"Gone With The Wind" received eight Academy Awards including Best Picture, Best Director and Best Actress Vivien Leigh. Listed as # 4 on AFI's Top 100 of all time.
The restoration featurette on Disc 3 pretty much explains why the recent spate of Technicolor films from Warner Bros. look so stunning: using some remarkable software, each of the three strips that make up the old Technicolor system are carefully centered to ensure there's no color hazing, soft focus, or weak color registration from frame to frame. There's also a major qualitative difference between the fuzzy picture quality of the last theatrical reissue prints, and the first DVD's early transfer.
The DVD includes the original mono mix, plus a 5.1 mix that's philosophically analyzed in the restoration featurette, with some attention to the original music stems and tweaked sound effects. (For a hoot, watch the 70mm trailer right after the featurette to get a sample of how the 1.33:1 ratio was cleaved down for the '69 theatrical re-issue.)
Starting from scratch, the new four disc set may seem like overkill to passersby, but each goodie adds another perspective to a milestone film that's been endlessly written about for decades. Rudy Behlmer's commentary track presents a broad overview of the film's production history, and his angle is unique due to his subsequent research and editing of producer David O. Selznick's personal archives that led to the book "Memo: From David O. Selznick." Overall, Behlmer's track serves as an intro to the featurettes on Discs 3 and 4, and despite occasional pauses (perhaps to breathe again), he keeps the facts flowing for nearly four hours.

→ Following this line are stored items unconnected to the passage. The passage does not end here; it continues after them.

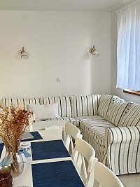 Ubytování U Hraničního zámečku je samostatně stojící atriový dům se třemi ložnicemi, obývacím prostorem se společnou jídelnou pro 6 lidí a luxusně vybavenou kuchyní.
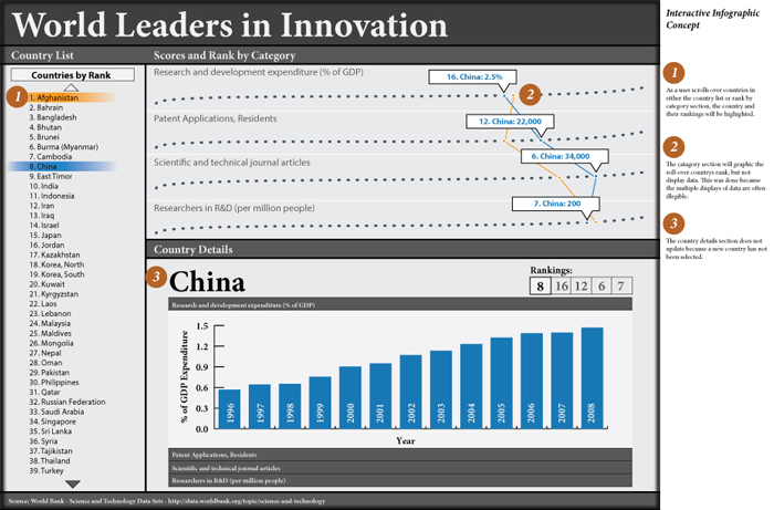 World Leaders in Innovation is an interactive infographic concept that utilized data from the World Bank.
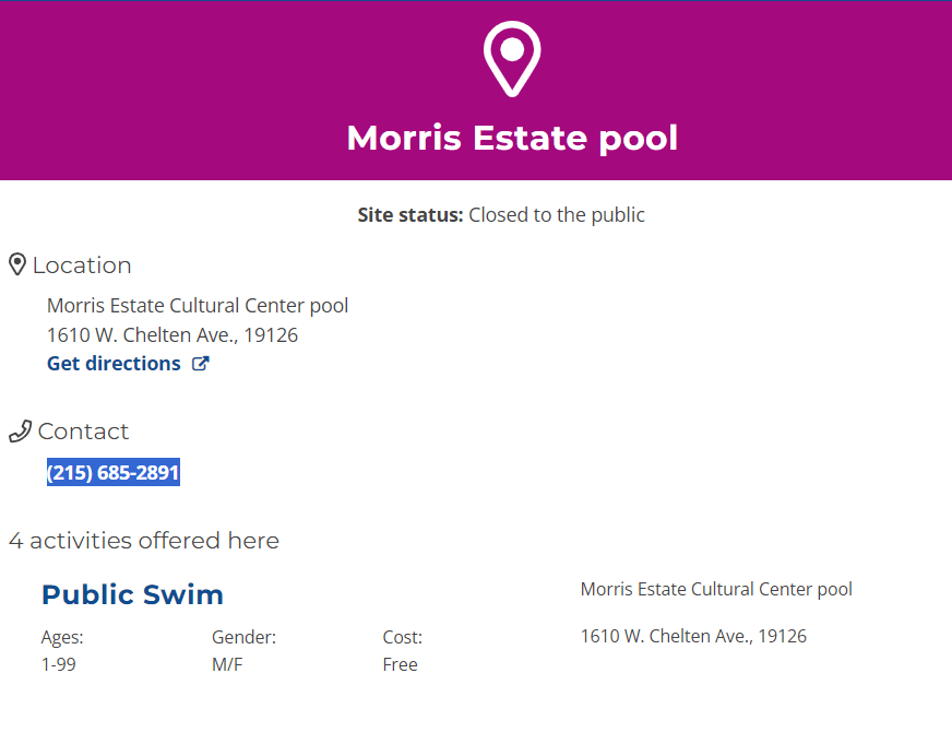 Morris Estate Pool is at 1610 W. Chelten Ave., 19126.

For the 1988 making-of documentary on Disc 3, the producers sought out surviving associates and technicians, and had them partake in on-camera interviews (many being very frank about Selznick's bullying, Benzedrine popping, and maniacal hands-on approach). Aided by Christopher Plummer's narration, there's some recreations of pivotal with the survivors, adding a quaint texture to the doc. Actress Butterfly McQueen describes the dilemma of intelligent and gifted black actors forced to play iconic stereotypes, and there's added material on Selznick's decision to prune away the novel's more racist elements from the screenplay. Of note, too, are clips from the temporary titles from the first sneak preview, audience comments, plus an interview from an actual attendee of that fateful night.
A pivotal moment during filming was Victor Fleming assuming the directorial reigns when Selznick felt George Cukor wasn't creating a sufficiently epic film. In a newly filmed interview with Olivia de Havilland on Disc 4, the graceful actress describes Fleming's uneasy transition with the actors, and in her own inimitable (albeit laboriously melodramatic) fashion, de Havilland comments on her role, costumes, and Vivien Leigh's knack for delivering a nuanced performance after a few preparatory minutes. The only qualm here is a lack of chapter indexes for the organized segments.
In a 1990 Turner documentary on Disc 3, the life of Vivien Leigh is succinctly profiled through interviews, numerous film clips (many from her rare British films from the Thirties), and some home movies. Jessica Lange plays an overly meditative hostess, and her original ad break transitions are covered up by quick lap dissolves.
More interesting is a very odd documentary on Clark Gable from 1975. Produced by Jack Haley, Jr. (producer of the original "That's Entertainment" films), the one hour piece has skinny Peter Lawford covering Gable's early career (with rare film clips, stills, and an interview with his first wife), and some candid Q&A sessions with comedian Andy Devine, director "Wild Bill" William Wellman, journalist Adela Rogers St. Johns, and a short bit with actress Yvonne De Carlo. Nasally-endowed Lawford is a tad wobbly as the show's pseudo-journalist/host, but his celebrity status lowers the guard of his subjects, and we get some intriguing firsthand character portraits.
Disc 4's collection of short supporting cast portraits are brief recaps of material already covered by historian Behlmer in his commentary track, adding stills, and film clips. Plummer's narration. Like his brief narrative intros for most of the special features, Plummer's voice lends a nice continuity to the four-disc set.
Though there's no still galleries of sketches, portraits, behind-the-scenes snapshots, or archived screen tests, the set contains vintage newsreels, and a curious short chronicling the importance of cotton in America's industrial advancement. Directed in 1940 By Fred Zinnemann (!), "The Old South" is preceded by a cautionary intro from Plummer about the obvious racial stereotypes of the period, and though not directly tied to Selznick's opus, the phrase "…gone with the wind" is repeated at the end in a not-so-subtle usage of synergic marketing.
The last goodie is a reproduction of a souvenir booklet ("purchased… for 25 cents a copy") which includes lovely illustrations, bios of the key players, and production reflections by Clark Gable and Leigh (likely doodled by the studio's fawning PR team).
A really thoughtful DVD production that belongs in any film fan's classic film library!